筋のアンバランスがある場合、骨が傾き関節が正しい位置に収まることができず、背中が丸まってしまう猫背や内股、ガニ股といった不良姿勢となります。この姿勢で日常生活が続けば、ストレスとなり、コリや痛みの原因となります。逆に拮抗関係にある筋バランスが整えば、姿勢改善や日常生活における身体へのストレス軽減や怪我の予防にも貢献します。
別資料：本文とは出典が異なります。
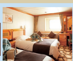
5F デラックスツイン バス・トイレ付/19㎡
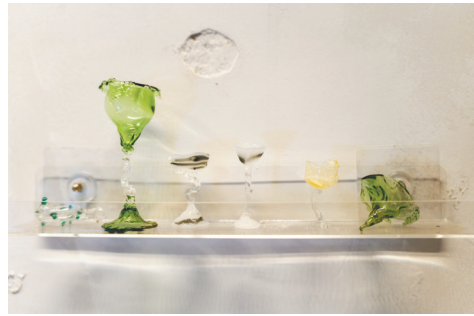
灯工玻璃吹制系列

3つ目のストレッチの効能として「筋のポンプ作用」が挙げられます。筋には”ミルキングアクション”という反応があります。筋には血管が通っていますが、通っている血管は自分で動く(収縮する)力はないので、周りの筋に頼っています。筋が縮む、伸ばされるというポンプのような動きを繰り返す事によって血液を循環させて心臓へと戻しています。これを筋ポンプ作用、”ミルキングアクション”と呼ぶのです。もしこの筋ポンプ作用が機能しなかった場合、血液がうまく身体を循環することができず、活動が減少し、「むくみ・こり・冷え性」などといった症状につながっていきます。他にも、血液は栄養を身体の各組織に運ぶという重要な役割がありますから、これがうまくいかなければ疲れやすくなったり、身体の回復が遅れたりといった問題が起こります。ここで活動が低下していたり縮んでいる筋にストレッチをかけて動かしやすい状態にしておくと、筋ポンプ作用が活性化し、血液循環を促進させることができるのです。これによって身体に溜まっていた老廃物なども循環されて疲労も溜まりにくくなります。
美しく、しなやかに開脚するためのストレッチについて
開脚が出来る人をみて、羨ましい!って思ったことはありませんか?広範囲で開脚ができる=身体がしなやかで美しい、と連想させるほど開脚には魅力があります(バレリーナのように開脚でき過ぎるのも問題ですが)。さて、そんな開脚ですが、何をすればあんなに開くようになるのでしょうか?それは「一部位に対して長時間のストレッチを行う」ことです。伸ばしたい部位に長時間ストレッチを行い、軟部組織(筋、靭帯、腱、関節包)に持続的な力を加えることにより、可動域を広げます。研究ではターゲットの筋肉に20分のストレッチを行ったところ、可動域が5°広がったという結果が報告されています。加えてストレッチ後の2分後には元の硬さの50%に戻り、30分以上すると元の硬さに戻ったという結果もでています。このような結果から、可動域を大幅に向上させるには、できるだけ長い時間かつ頻繁にストレッチすることが有効だと思われます。ただ、例えば筋トレ前などはあまりやり過ぎると、筋の収縮を妨げるおそれがあるため、静的ストレッチはあまりしない方が良いです。
関節可動域(ROM)とは?
「関節可動域」は英語ではRange of Motion(レンジ・オブ・モーション)と表記します。「Range=範囲」で「Motion=可動」という意味です。つまり関節が動く範囲を意味します。例えば、肘を目一杯伸ばした状態から完全に曲げた状態を肘関節の関節可動域(ROM)と言います。この関節可動域は各関節に存在します。”関節可動域がアップ”=”可動する範囲が広がった”という事です。 ストレッチは関節可動域(ROM)をアップさせるのに効果的です。関節可動域を広げるには通常より比較的長い時間かけてストレッチするのが効果的なようです。可動域が広がれば、筋トレもより効果的になります。
柔軟性はどのくらい必要?
日常生活において関節可動域(ROM)をいっぱいに広げて行う動作というものはありません。そのためストレッチで必要以上に関節可動域が広がっても、あまり意味がないということになります。例えば、仰向けに寝た状態で片膝を伸ばしたまま脚を上げていって、つま先を頭の方の床へ着けるとします。いわゆる縦に行う股割りみたいなものですね。果たして日常で片足を頭の上まで上げる動作があるでしょうか?つまり、ストレッチで縦股割りのような関節可動域を手に入れたとしても、日常で使わなければ無駄な可動域といえます。必要以上に関節可動域を広げる事はあまり意味がないと言えます。逆に広がり過ぎると怪我につながることもあります。